杨墨走进殿内, 先对陛下行礼,将《资治通鉴》高举过顶:“陛下,臣请先读一段太子批注。”他翻开书页,朗声念道,“‘夏商周三代,虽有兴衰,然嫡长承继制存,则国祚绵长;废嫡立幼,必起祸乱。盖因人心附嫡,如草木附土,失其根则枝叶难存。’”
“太子之意,已再明白不过。”刘三吾立刻接话,“先长孙已去,允炆乃太子嫡子,法理上的第一顺位继承人!”
“法理?”秦王朱樉从阴影里走出,他穿着亲王蟒袍,腰间玉带压得很低,“皇长孙年幼,若遇边患,难道让乳母抱着他御驾亲征?大哥尚在时,也常说‘治国需历练’,允炆连县衙都没进过,如何历练?”
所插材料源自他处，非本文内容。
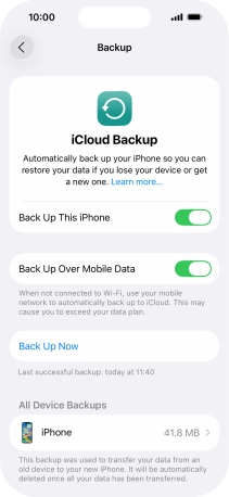 Press the indicator next to "Back Up Over Mobile Data" to turn the function on or off.

“秦王殿下此言差矣。”杨墨抬头直视朱樉,“太子十三岁监国,那时陛下也未曾因他年幼而废其责。何况允炆聪慧,太子生前常带他看奏折,去年陕西赈灾案,他一语点破‘流民安置需分男女营’,其见识不输成年皇子。”
朱樉语塞,转而看向朱棣:“四弟,你在北平与蒙元厮杀多年,难道要看着这江山落在黄口小儿手里?”
朱棣站在殿角,手指摩挲着腰间的玉佩,那是马皇后临终前赐的。他淡淡开口:“臣以为,当遵父皇旨意。”这话看似中立,却让朱樉脸色一沉——谁都知道,朱棣素与朱允炆亲近,这话实则偏帮。
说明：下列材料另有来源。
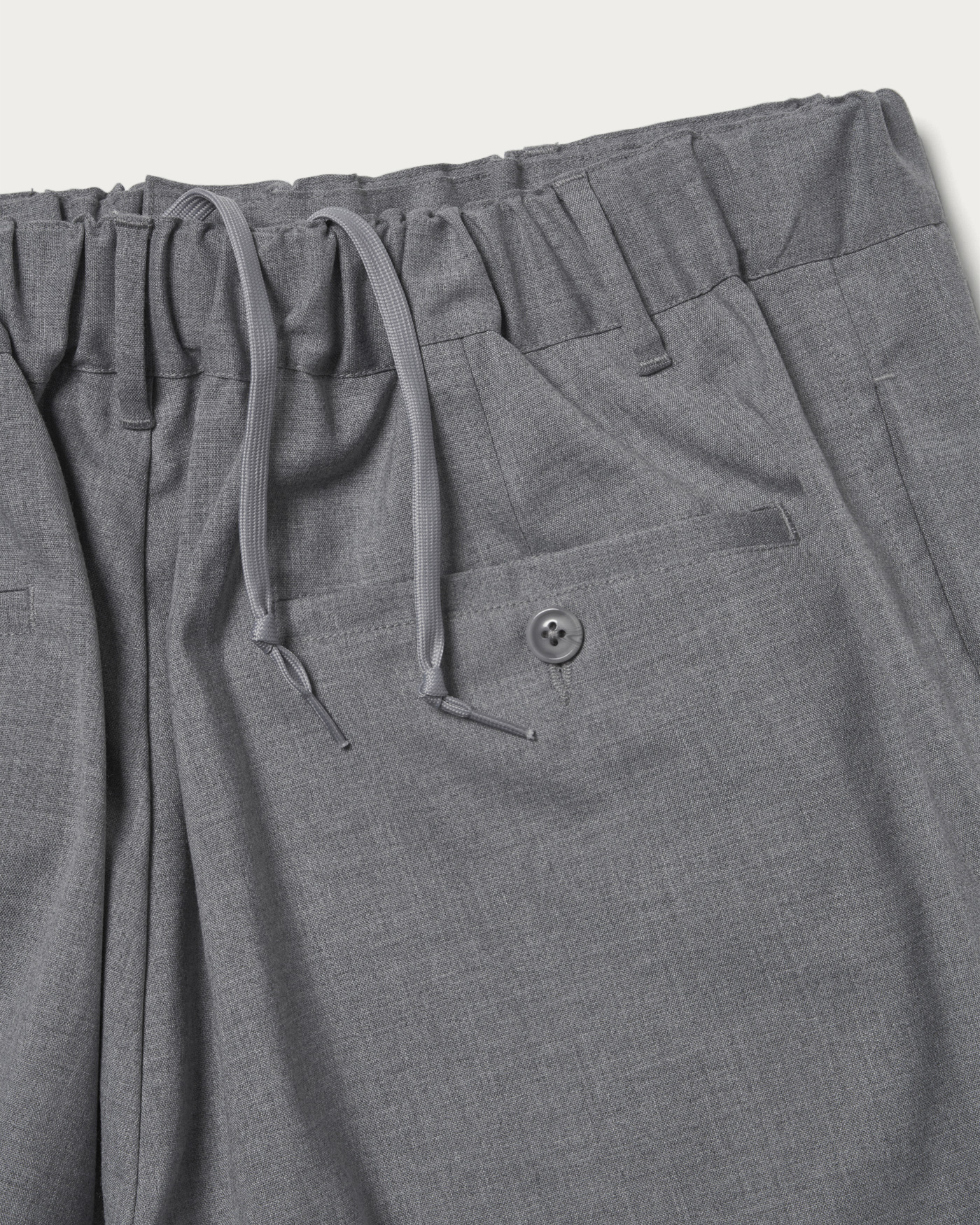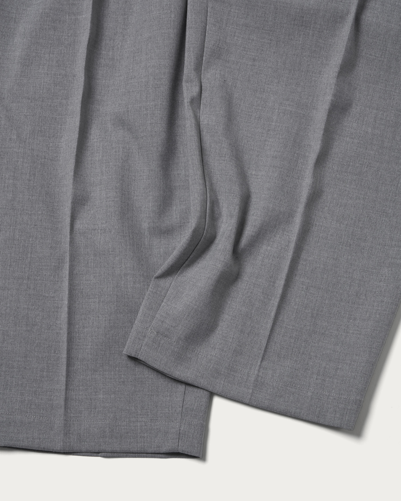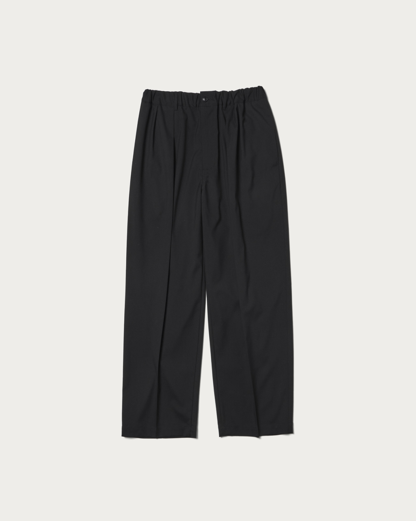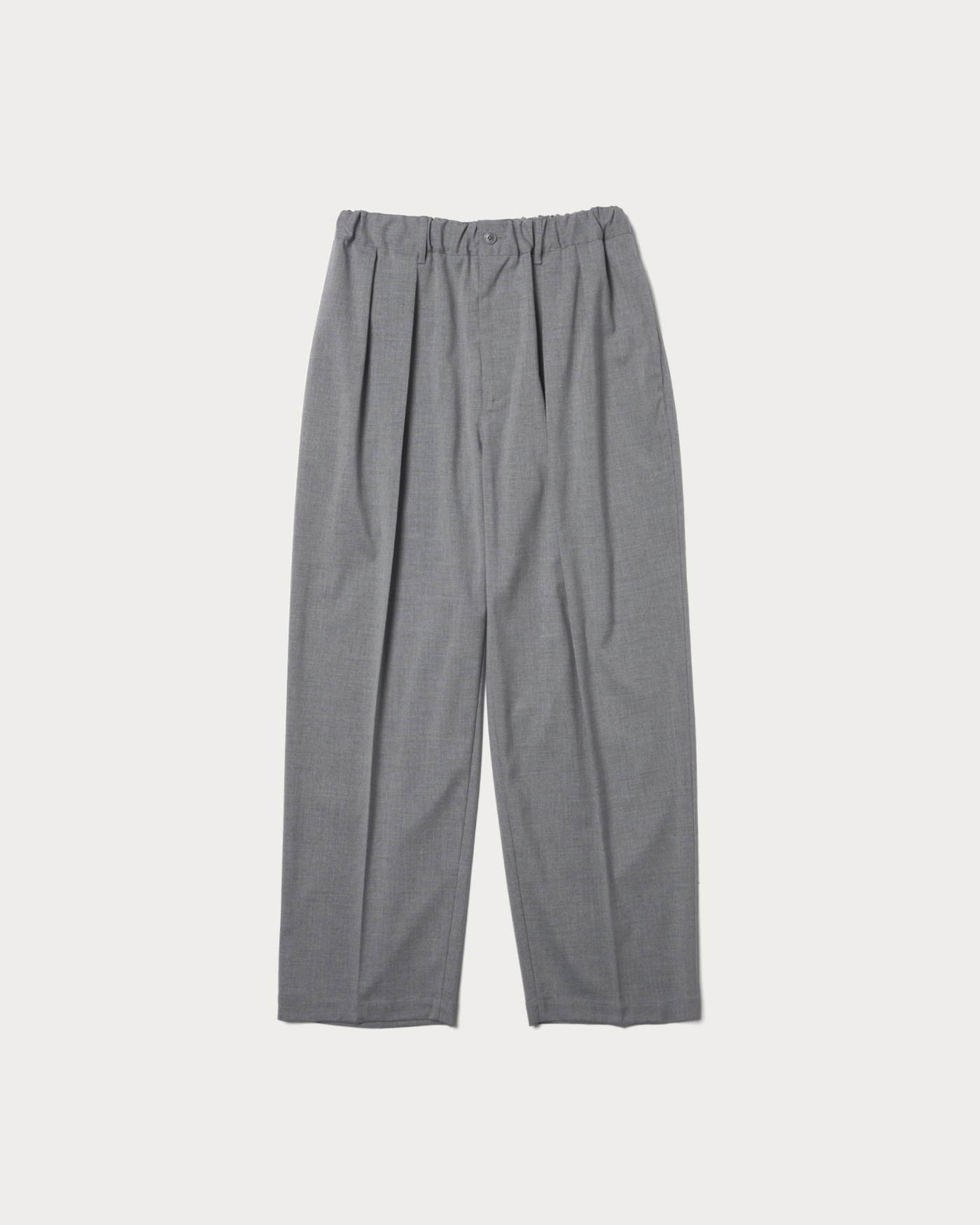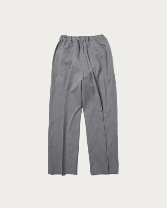 キャリーマン社のポリエステルレーヨン素材を使用したきれいめの2プリーツパンツ。ウエストから裾までゆとりを持たせたフォルムが特徴的でウエストのゴムとスピンドルが着こなしの幅を広げます。

“遵父皇旨意?”湘王朱柏冷笑,他手里转着个佛珠,“父皇前日还说‘看允炆写的《农桑策》,字都认不全’,昨日又夸二哥在关中修的水渠利民,这旨意到底遵哪句?”
殿内瞬间安静,所有人的目光都投向朱元璋。这位帝王坐在龙椅上,三天未合眼,鬓边白发像落了场雪。他忽然抓起案上的朱笔,将一本奏折撕得粉碎——那是都督府递的,请求立燕王朱棣为储。
“朕还没死!”朱元璋的怒吼震得梁上积灰簌簌落下,“储君之事,轮得到尔等指手画脚?”他看向杨墨,“你说标儿批注‘嫡长承继’,可标儿也说过‘社稷为重,不必拘泥’,这话你忘了?”
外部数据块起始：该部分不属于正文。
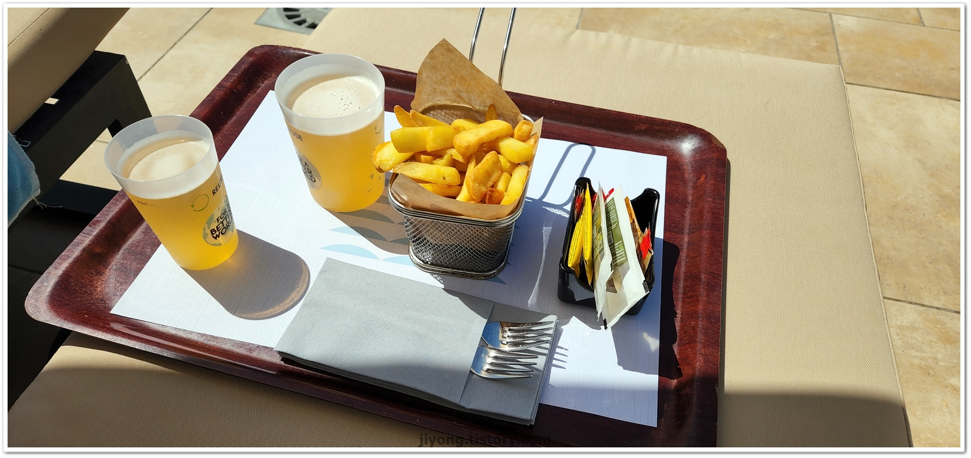 바에서 맥주 2잔과 감자튀김을 시켰다.

杨墨心口一紧。他当然记得,那是去年冬天,朱标咳着血说的。当时有御史弹劾韩国公李善长僭越,李善长是朱标生母马皇后的亲族,朱标却坚持按律处置,说“社稷大于私情,宗法亦需顺时”。
“陛下,太子这话,是指‘嫡长若贤则立,不贤则另论’,并非否定嫡长制度。”杨墨从袖中取出一卷画,展开在案上——那是朱标手绘的《宗法树》,树干写着“嫡长”,枝桠上是“贤能”“功勋”,树根处却用朱砂写着“民心”,“太子认为,嫡长是干,贤能是叶,民心是土。无根则干枯,无叶则萧条,但若连主干都砍了,树如何活?”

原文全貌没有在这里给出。